Buying a re sale....just the same as UK...get a good price, transfer your money at the best rate and make sure that you get a good buy...and that you apply the same principles as you would in UK

Buying a Ready Now: all facilities must be complete or there is a guarrantee that they will be finished........always get a Habitation Licence before you complete....some say that even if you have all the cash get a small independant mortgage [ not builders] to make sure that everything is 100%  legal...banks will not give you a mortgage if it is not !

Off plan: still no real problem but:
No need to pay a reservation fee of say 3000 €..which may or may not be refundable
Go straight to the contract....no hurry today !

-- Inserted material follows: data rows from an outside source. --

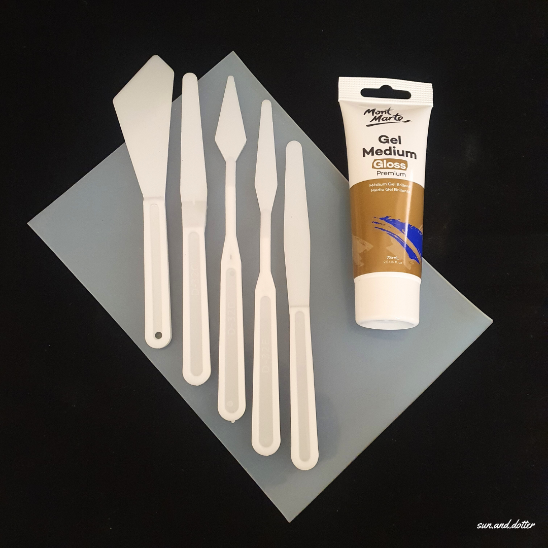 - Plastic Palette Knife Set: This versatile set of 5 palette knives is perfect for mixing your paint. Each knife offers different shapes and sizes depending on your mixing preferences. Easy to clean and use.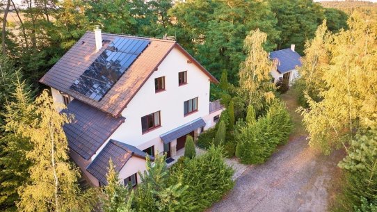 Dům byl postaven v roce 2008. Vytápění všech prostor je řešeno centrálně kotlem na tuhá paliva. Na střeše je FVE 10 kW, kterou lze využít i k vytápění. Voda je z obecního vodovodu, na pozemku je také studna. O ohřev vody se stará bojler. Kanalizace je řešena ČOV se vsakem. Do zahradního domku je přivedena elektřina i voda. Na pozemku jsou tři vjezdové brány.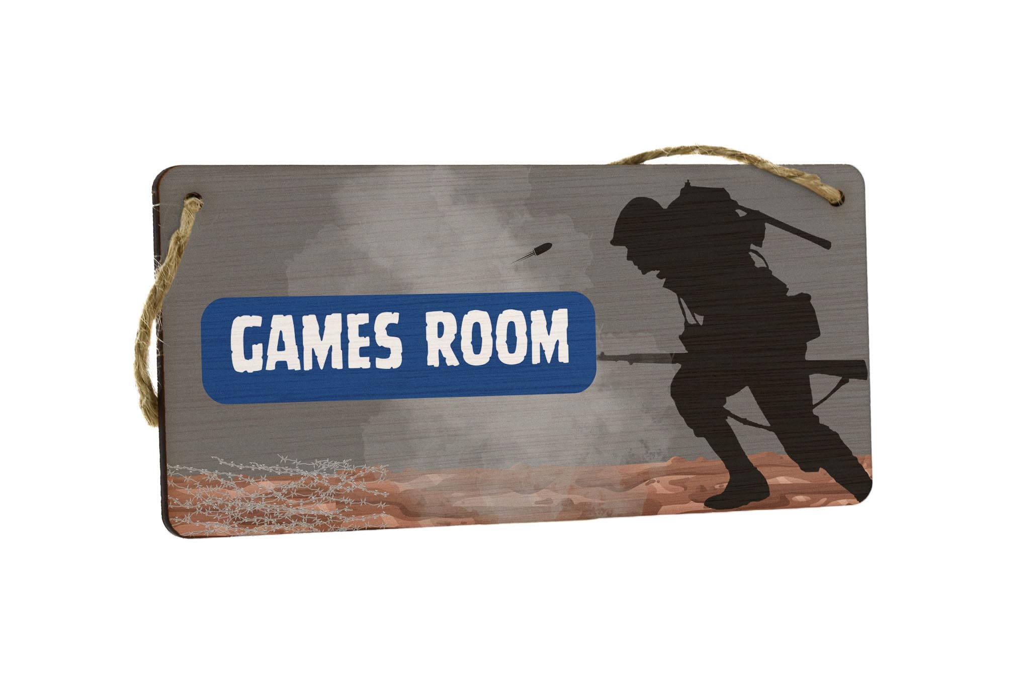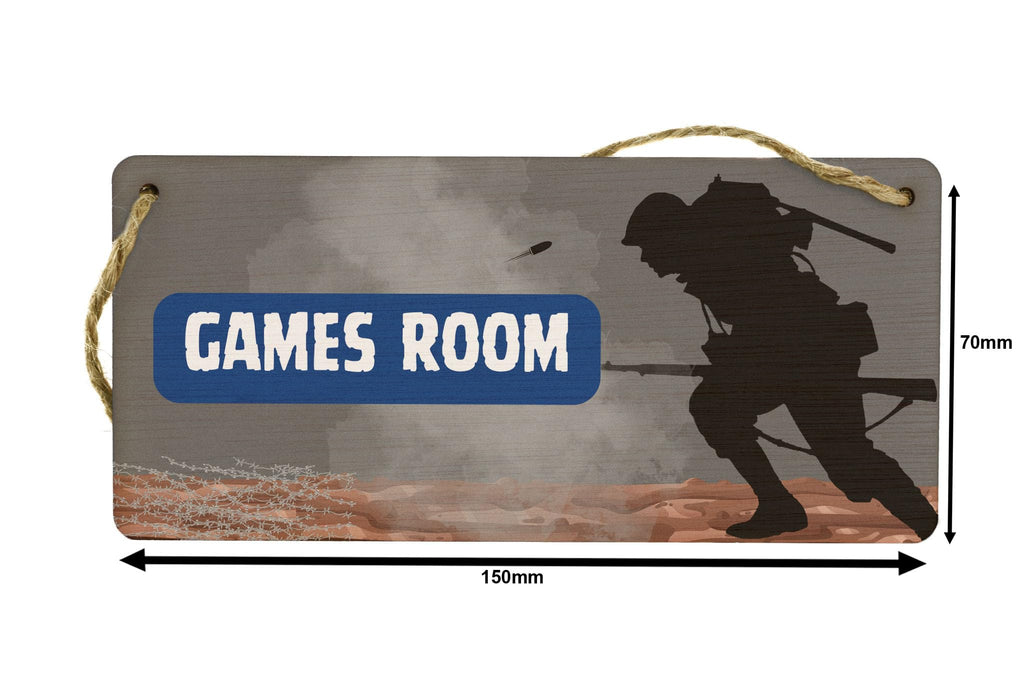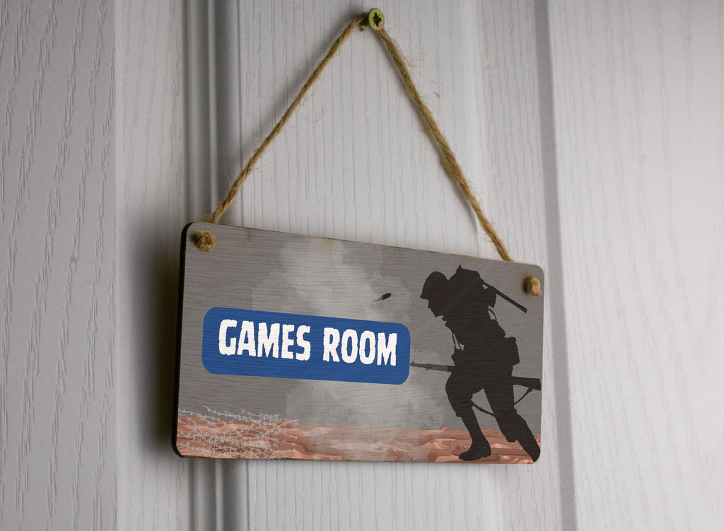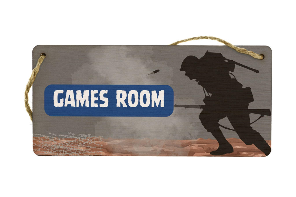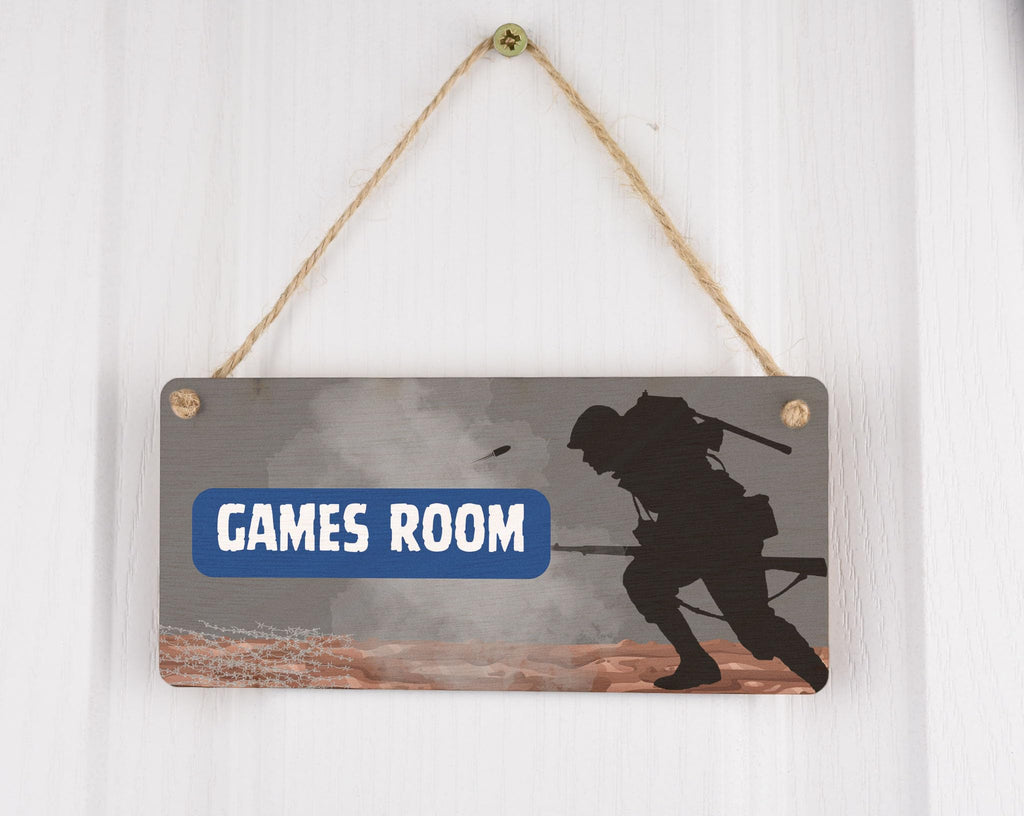 Transform your family and friends' gamer's room with this unique hanging plywood sign. This soldier theme room door sign gift is perfect for any gamer in your life, whether it be your wife, husband, girlfriend, boyfriend, son, daughter, or siblings. The full colour design features a background image of a war field with a black silhouette image of a soldier contrasted against the white writing. This plywood sign is a great addition to any kids room or games room, and reads 'games room' in a bold and eye-catching font.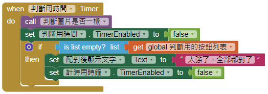 這裡先提前說明一下,這裡的完成條件,就是用流程判斷方塊,去確認判斷用的按鈕列表這個清單是不是已經沒有東西。這樣的話,就代表全部的牌都翻出來了。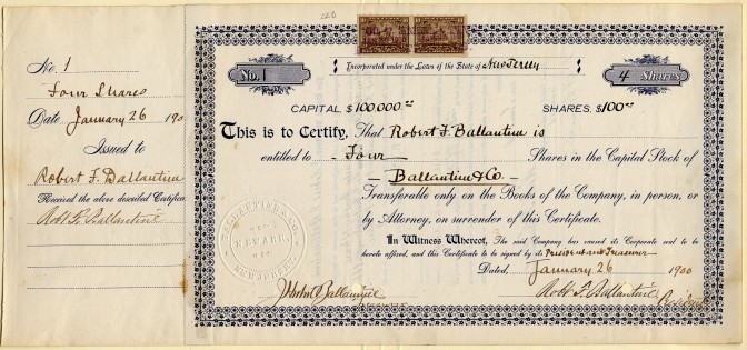 Ballantine & Co. Brewery – RARE Certificate #1 signed 3 times by Robert Francis Ballantine – New Jersey 1900

When you pay your deposit get your bank [ or insurance ] guarantee at the same time as you do a bank transfer of your money.......yes at the same time

Not normal in the past....I know...quickest I have had is 7 days

But there is no reason why it can not be at the same time.........just like UK....after all Santander is buying up UK banks and they know how it works here......infact for Spanish business transactions guarantees are given, when required , on payment!!!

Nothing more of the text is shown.